Еретичность была только признаком, за ней угадывалась общая система миропонимания, нечто непривычное, контуры уходящего куда-то ввысь грандиозного сооружения. Формы этого еще не достроенного здания были странны и привлекательны...
И все же этого было недостаточно. Чем-то меня еще пленял этот человек. Не только меня. К нему обращались учителя, заключенные, академики, искусствоведы и люди, о которых я не знаю, кто они. Я читал не их письма, а ответы Любищева. Обстоятельные, свободные, серьезные, некоторые — очень интересные, и в каждом письме он не снисходил, а напряженно размышлял. Чувствовалась его непохожесть, отдельность. Через письма я лучше понял свое чувство. В письмах он раскрывался, по-видимому, лучше, чем в общении. По крайней мере так мне казалось теперь.

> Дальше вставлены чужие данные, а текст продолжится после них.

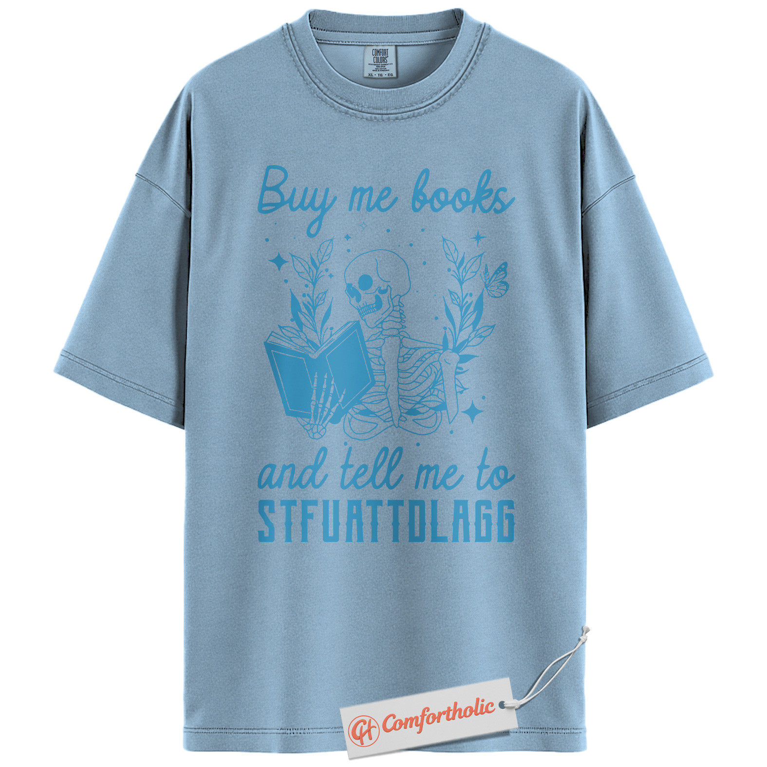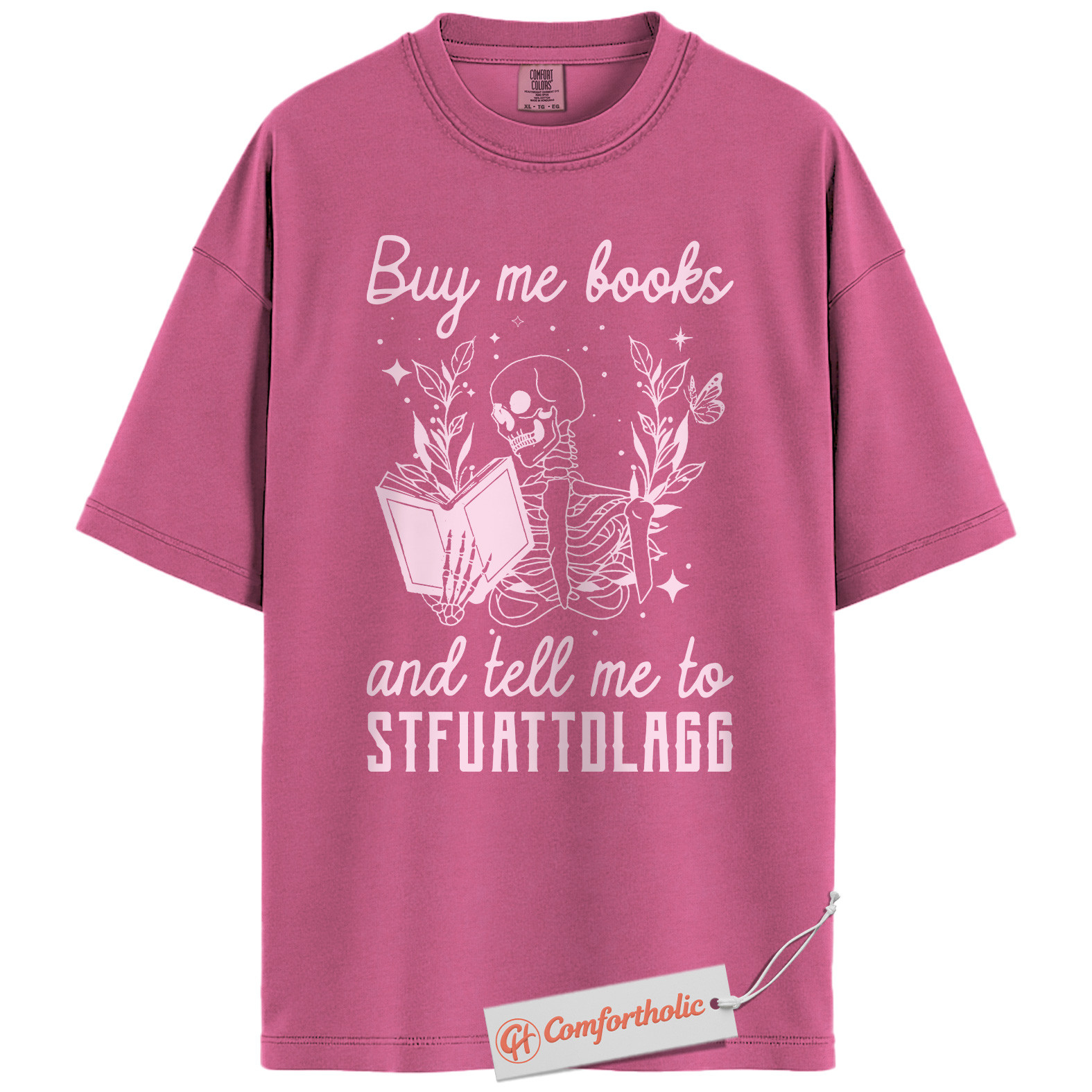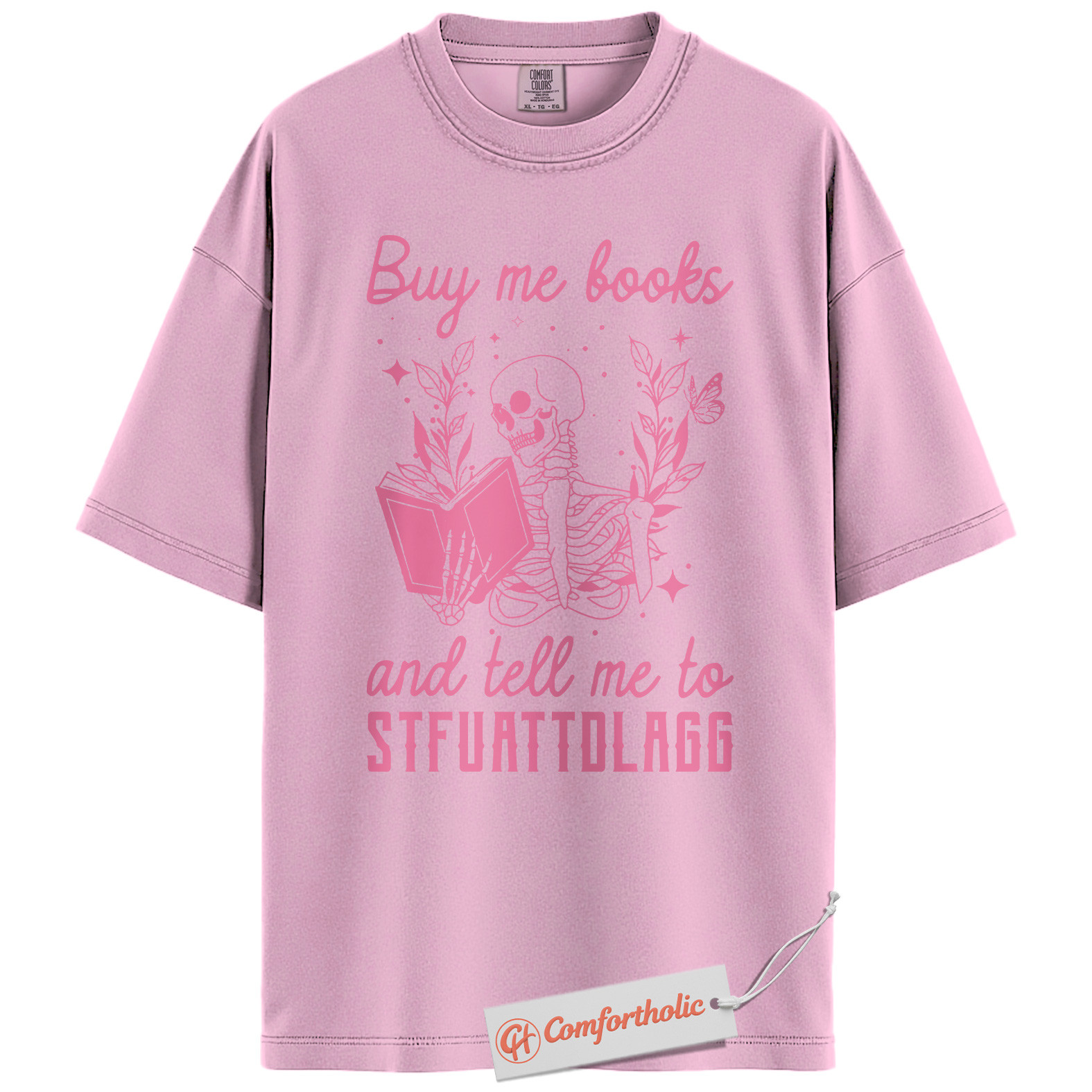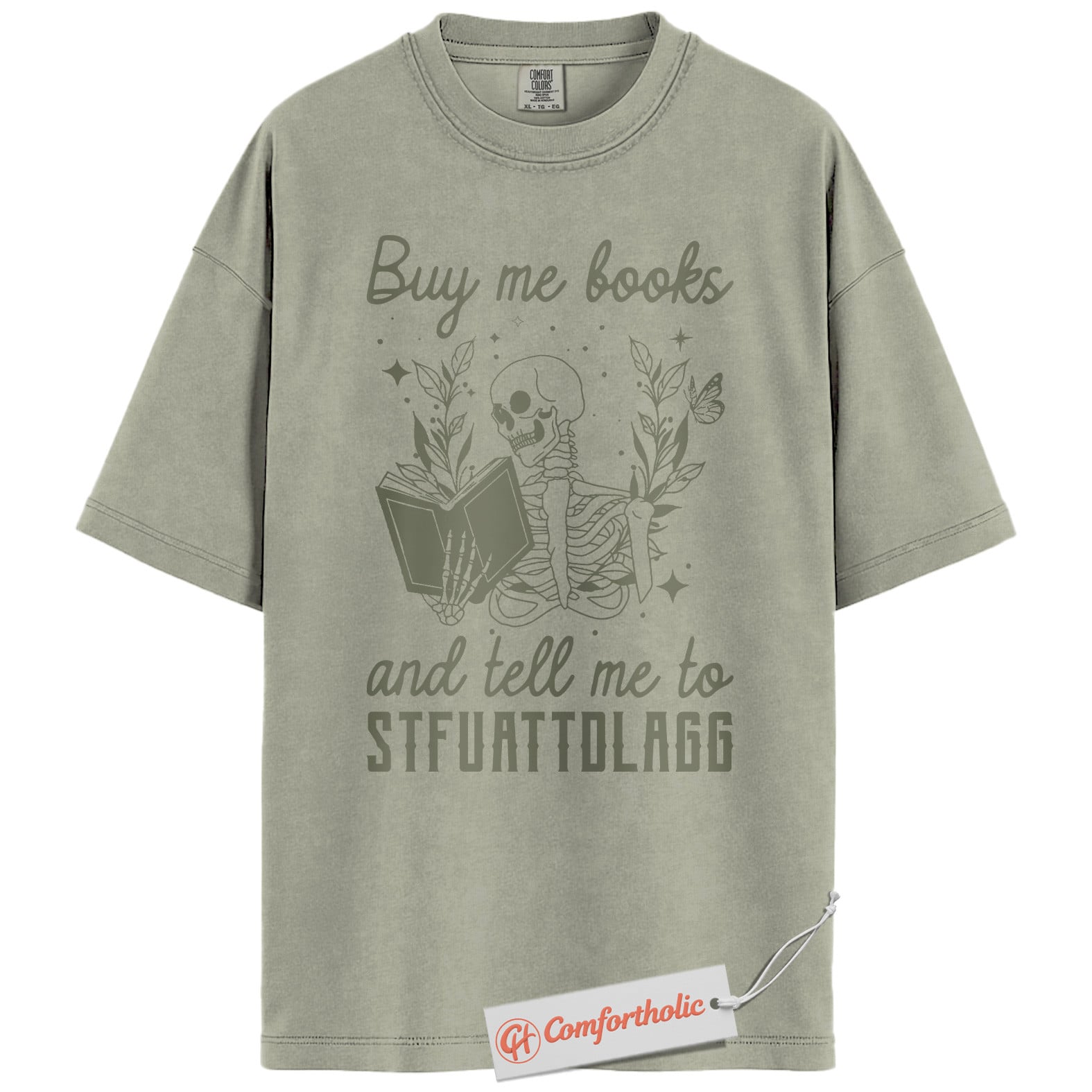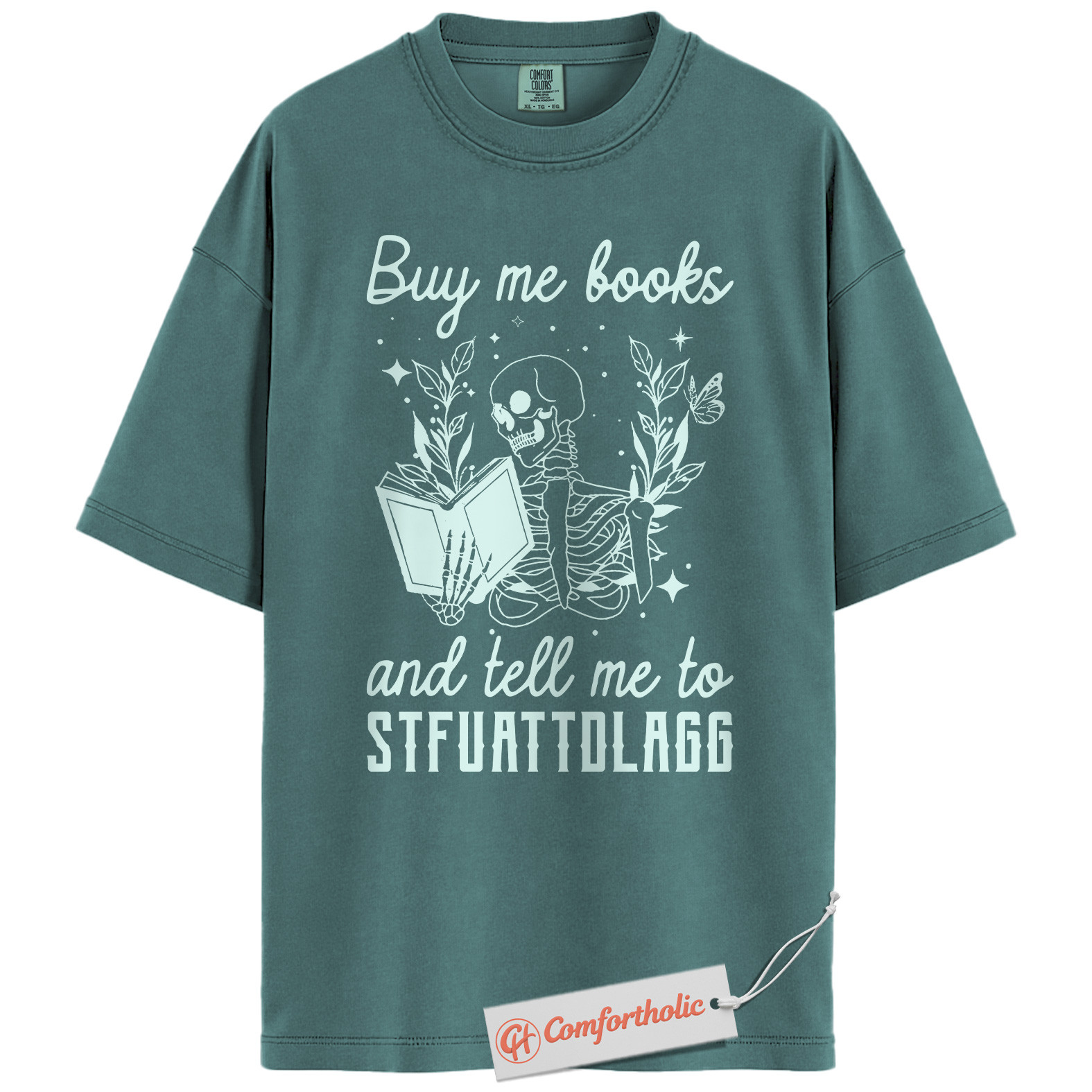 Buy Me Books And Tell Me To STFUATTDLAGG Shirt, Skeleton Reading Shirt, Book Lover Tee, Dark Academia Comfort Colors T-Shirt
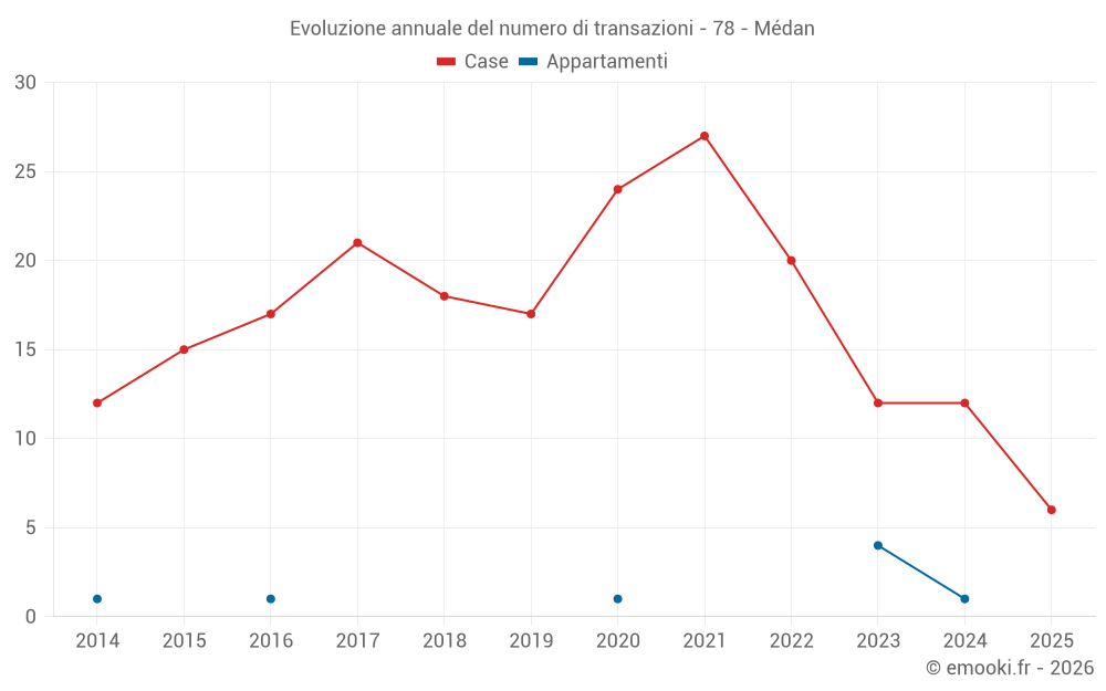 Il prezzo mediano sulle 17 transazioni di case degli ultimi 12 mesi nel comune di Médan era di 4 337 € al metro quadrato per un valore patrimoniale mediano di 578 000 €. In questo periodo il 60% delle transazioni era tra 2 897 e 5 699 € al metro quadrato (dal 2° all'8° decile).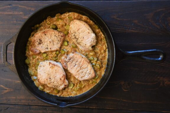 Pan fried pork chops with tangy mustard and pickle sauce may sound like an odd combination of flavors, but if you think more French bistro than Portlandia, you’ll get the right idea. The fact that it’s such a quick meal makes it perfect for any night of the week.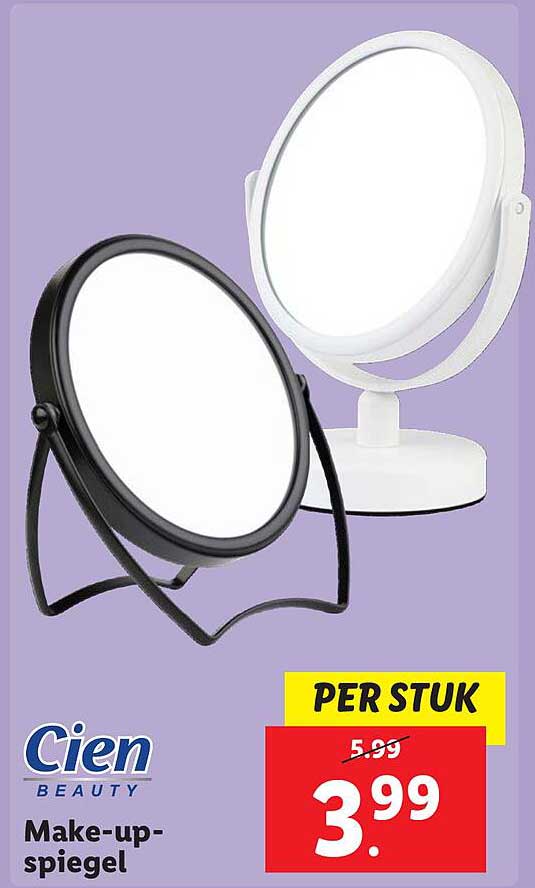 Normaal gesproken kost de Cien make-up-spiegel €5,99, maar tijdens deze aanbieding kun je hem aanschaffen voor slechts €3,99. Dat is een korting van maar liefst €2! Waarom zou je deze kans voorbij laten gaan? Dit zijn de perfecte momenten om slimme aankopen te doen en flink te besparen.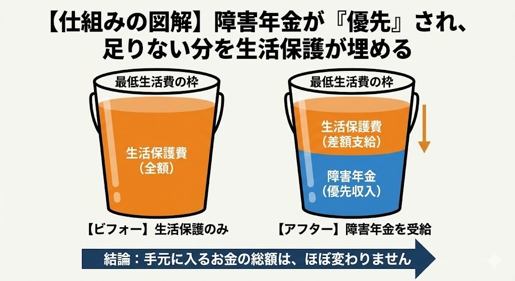 【図解】障害年金が「優先」され、足りない分を生活保護が埋める

Не случайно у него почти не было учеников. Хотя это вообще свойственно многим крупным ученым, создателям целых направлений и учений. У Эйнштейна тоже не было учеников, и у Менделеева, и у Лобачевского. Ученики, научная школа — это бывает не так часто. У Любищева были поклонники, были сторонники, были почитатели и были читатели. Вместо учеников у него были учащиеся, т. е. не он их учил, а они учились у него — трудно определить, чему именно, скорее всего тому, как надо жить и мыслить. Похоже было, что вот наконец-то нам встретился человек, которому известно, зачем он живет, для чего... Словно бы имелась у него высшая цель, а может, даже открылся ему смысл его бытия. Не просто нравственно жить и добросовестно работать, нет, он понимал сокровенное значение всего того, что делал. Ясно, что это годилось только для него одного.